◆ Task to carry out ◆
Of all the lines in the entries below, give again exactly those starting at the line containing "Lavičky jsou kovové" and ending at the line containing "Light, spacious two", both ends included, and no others.

◆ Data records ◆
========================================================================

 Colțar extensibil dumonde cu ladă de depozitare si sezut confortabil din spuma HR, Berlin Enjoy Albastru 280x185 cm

========================================================================

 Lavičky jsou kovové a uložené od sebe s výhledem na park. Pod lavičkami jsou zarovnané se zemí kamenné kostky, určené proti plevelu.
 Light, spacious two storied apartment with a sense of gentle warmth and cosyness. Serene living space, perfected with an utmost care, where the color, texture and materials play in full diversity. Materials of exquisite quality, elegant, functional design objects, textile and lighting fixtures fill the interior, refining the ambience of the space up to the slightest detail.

========================================================================

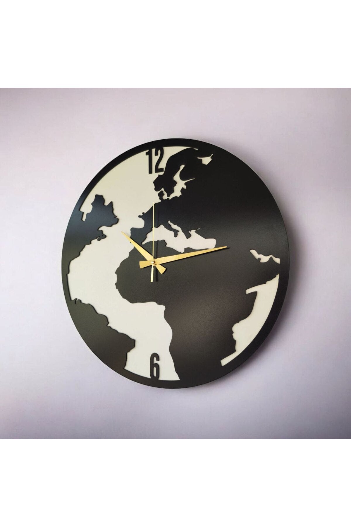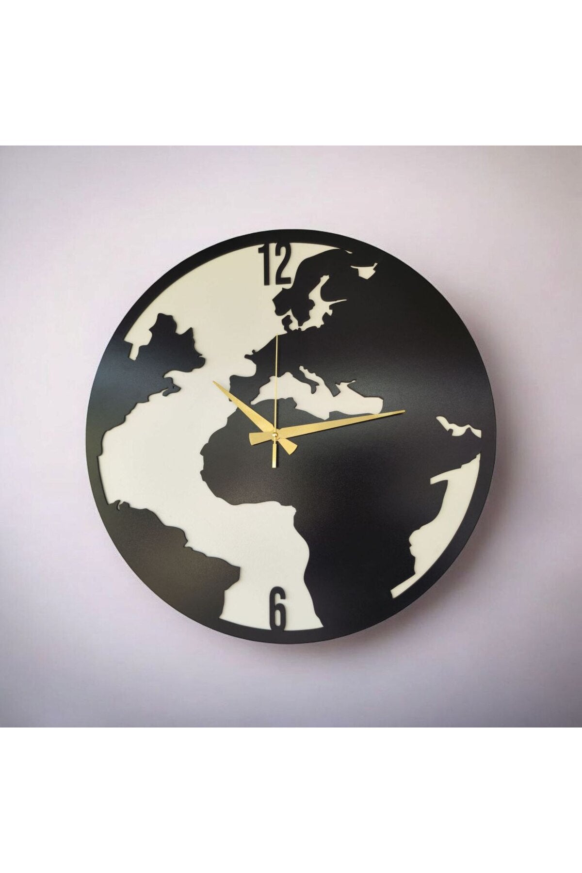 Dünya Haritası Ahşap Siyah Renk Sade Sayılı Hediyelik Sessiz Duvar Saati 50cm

========================================================================

◆ Output for this exercise ◆
 Lavičky jsou kovové a uložené od sebe s výhledem na park. Pod lavičkami jsou zarovnané se zemí kamenné kostky, určené proti plevelu.
 Light, spacious two storied apartment with a sense of gentle warmth and cosyness. Serene living space, perfected with an utmost care, where the color, texture and materials play in full diversity. Materials of exquisite quality, elegant, functional design objects, textile and lighting fixtures fill the interior, refining the ambience of the space up to the slightest detail.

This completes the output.